Task objective:
Among the entries below, find the line with "Sáng nay (1/10), một" and the line with "Add some festive". Return exactly those lines and every line between them, but no pictures.

### Supplied data ###

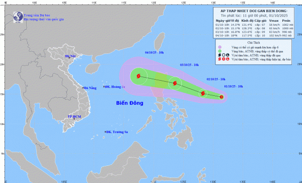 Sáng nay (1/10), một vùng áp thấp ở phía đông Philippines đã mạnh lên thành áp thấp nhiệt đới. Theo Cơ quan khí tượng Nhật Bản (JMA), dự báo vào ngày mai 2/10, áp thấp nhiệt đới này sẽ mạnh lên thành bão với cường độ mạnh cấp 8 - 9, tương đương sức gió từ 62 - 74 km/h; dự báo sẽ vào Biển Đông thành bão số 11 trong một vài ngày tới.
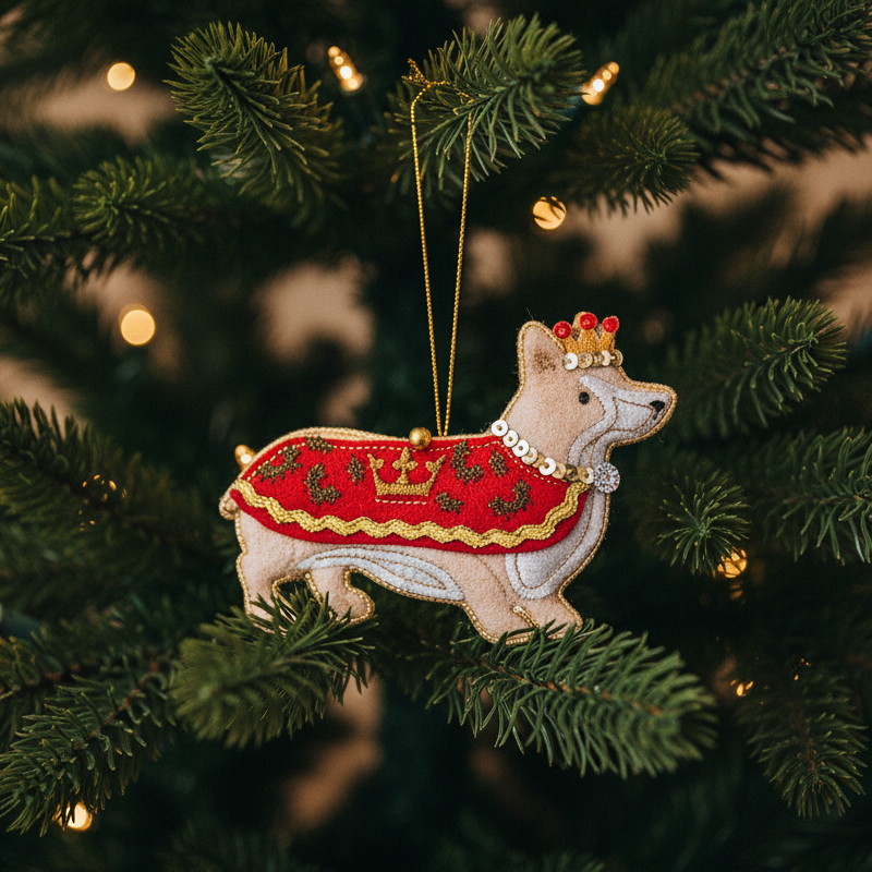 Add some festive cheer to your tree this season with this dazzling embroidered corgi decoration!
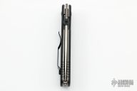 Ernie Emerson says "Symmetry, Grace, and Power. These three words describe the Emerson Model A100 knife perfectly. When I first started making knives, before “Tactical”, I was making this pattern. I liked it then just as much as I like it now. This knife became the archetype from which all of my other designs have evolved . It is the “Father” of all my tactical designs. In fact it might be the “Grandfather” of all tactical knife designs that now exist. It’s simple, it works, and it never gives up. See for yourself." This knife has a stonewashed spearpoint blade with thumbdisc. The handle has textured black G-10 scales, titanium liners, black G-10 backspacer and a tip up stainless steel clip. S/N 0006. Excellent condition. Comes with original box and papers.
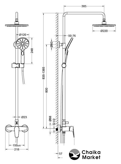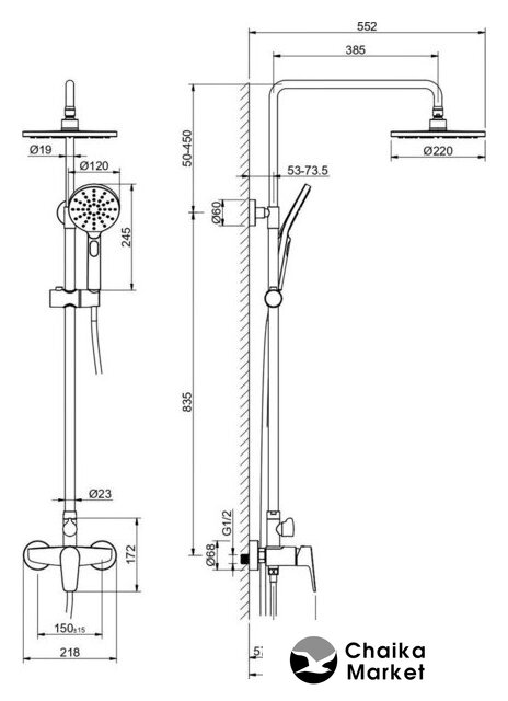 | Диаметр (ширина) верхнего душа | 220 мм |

###
### Supplied data ###

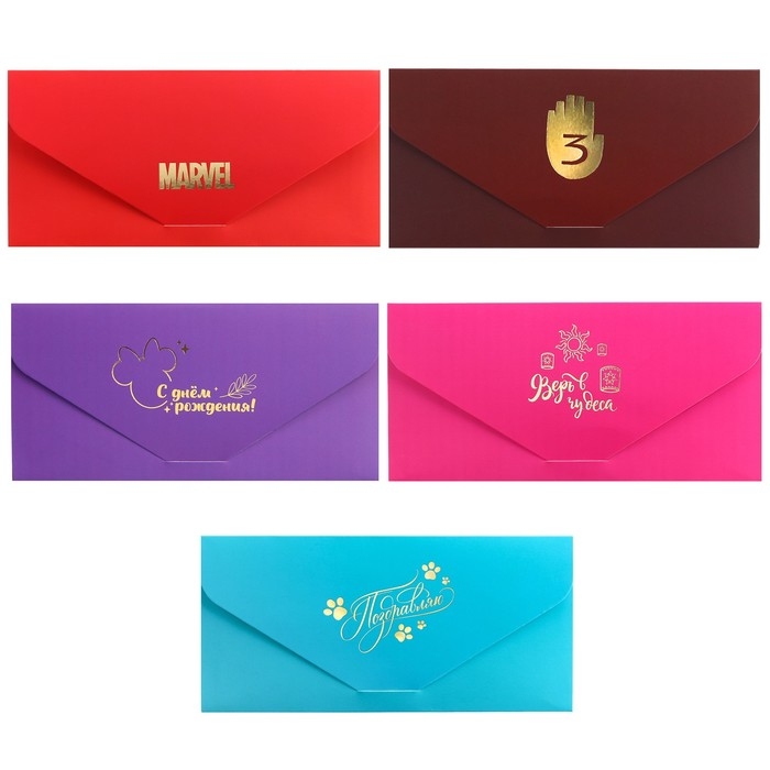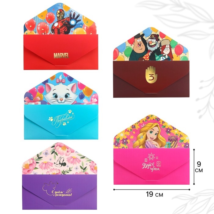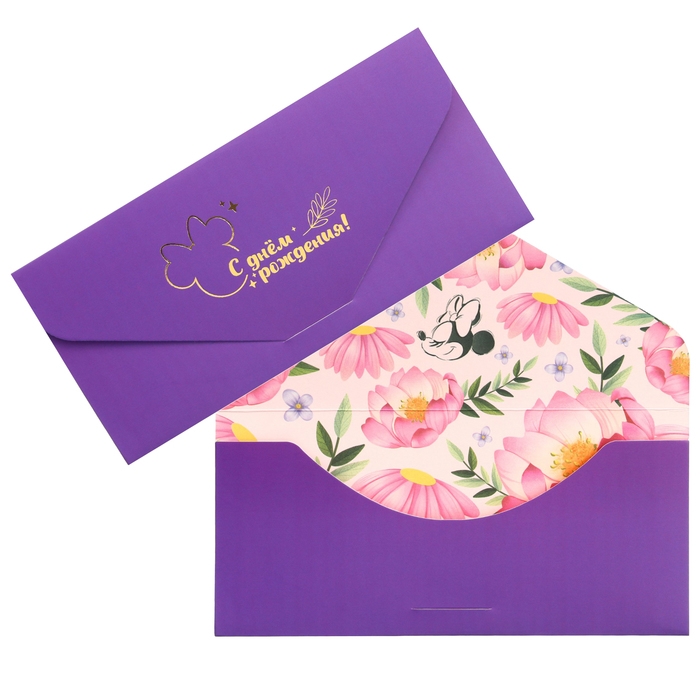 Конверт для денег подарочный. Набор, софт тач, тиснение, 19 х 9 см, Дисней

###
### Supplied data ###

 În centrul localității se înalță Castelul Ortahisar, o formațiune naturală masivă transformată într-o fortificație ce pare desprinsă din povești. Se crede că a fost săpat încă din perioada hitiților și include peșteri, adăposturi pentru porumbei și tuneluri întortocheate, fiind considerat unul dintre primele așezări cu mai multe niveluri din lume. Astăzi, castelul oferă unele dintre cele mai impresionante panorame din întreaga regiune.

###

Completed exercise:
 Sáng nay (1/10), một vùng áp thấp ở phía đông Philippines đã mạnh lên thành áp thấp nhiệt đới. Theo Cơ quan khí tượng Nhật Bản (JMA), dự báo vào ngày mai 2/10, áp thấp nhiệt đới này sẽ mạnh lên thành bão với cường độ mạnh cấp 8 - 9, tương đương sức gió từ 62 - 74 km/h; dự báo sẽ vào Biển Đông thành bão số 11 trong một vài ngày tới.
 Add some festive cheer to your tree this season with this dazzling embroidered corgi decoration!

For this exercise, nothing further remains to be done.